The signal which is sampled at 500Hz has a power line artifact at 60 Hz. Find the location of zeros in the transfer function of the notch filter to remove the artifact at 60 Hz.
0.512+j0.66
0.512−j0.66
0.7289+j0.6845
0.7289−j0.6845
0.512+j0.66
0.7289+j0.6845
0.7289−j0.6845
To remove the power line artifact at 60 Hz, we need to design a notch filter with a transfer function that has zeros at the frequency of the artifact.
A zero in the transfer function corresponds to a value where the numerator of the transfer function becomes zero. In this case, we want the numerator to be zero at 60 Hz.
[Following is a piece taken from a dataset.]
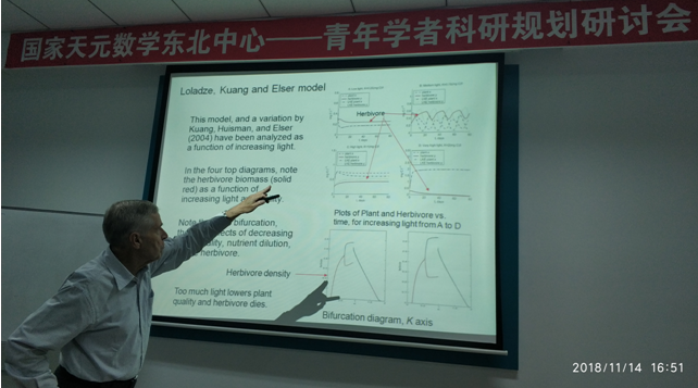 受集团国际合作与交流基金资助,应数学系刘胜强教授的邀请,美国迈阿密老员工物系Donald DeAngelis教授于2018年11月13--17日来yl8cc永利线路检测中心数学系进行了成功的学术访问。并于11月14日下午14:30-16:00,16:00-17:30以及15日16:00-17:30分别在格物楼503室举行了理论生态学与数员工态学方面的三场讲座。DeAngelis教授的报告内容涉及异质性及周期环境生态学模型、植物-植食动物模型以及濒海湿地生态系统数学建模。报告由刘胜强教授主持,数学系相关方向的师生参加了报告会并与DeAngelis教授进行了热烈的学术交流与讨论。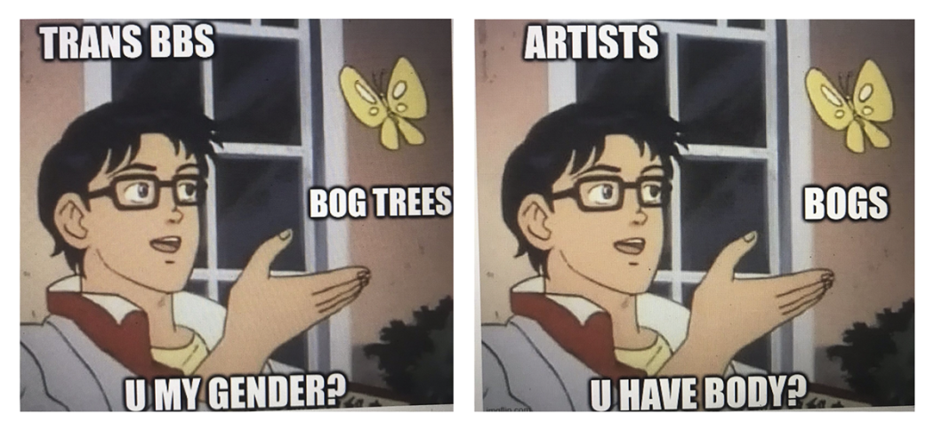 Two memes featuring an animated person with short dark hair gesturing at a yellow butterfly. On the left, the meme labels the person "trans bbs" and the butterfly "bog trees", with the bottom caption reading "U my gender?" On the right, the same image labels the person "artists" and the butterfly "bogs" with the caption reading "U have body?"

Given the transfer function of the notch filter as:
H(z) = (1 - 2cos(ω₀)z⁻¹ + z⁻²) / (1 - 2Re(ω₀)z⁻¹ + |ω₀|²z⁻²)
where ω₀ is the angular frequency of the zero, we can try to find the value of ω₀ that corresponds to 60 Hz.
ω₀ = 2πf₀
where f₀ is the frequency in Hz. In this case, f₀ = 60 Hz.
ω₀ = 2π * 60 = 120π
Now, we need to convert ω₀ to the complex number representation in the form of a + jb, where a is the real part and b is the imaginary part.
ω₀ = 120π
β = ω₀ / fs
where fs is the sampling frequency. In this case, fs = 500 Hz.
β = (120π) / 500
Next, we can calculate the real and imaginary parts of β.
a = cos(β) = cos((120π) / 500)
b = sin(β) = sin((120π) / 500)
Now, we can find the zeros of the transfer function by substituting the values of a and b into the complex number representation:
Zero = a + jb
Plugging in the values into the options given:
Option 1: 0.512 + j0.66
a = 0.512, b = 0.66
Option 2: 0.512 - j0.66
a = 0.512, b = -0.66
Option 3: 0.7289 + j0.6845
a = 0.7289, b = 0.6845
Option 4: 0.7289 - j0.6845
a = 0.7289, b = -0.6845
By comparing the calculated values of a and b with the values in the options, we can see that the correct answer is:
Option 4: 0.7289 - j0.6845
This means that this is the location of the zero in the transfer function of the notch filter to remove the power line artifact at 60 Hz.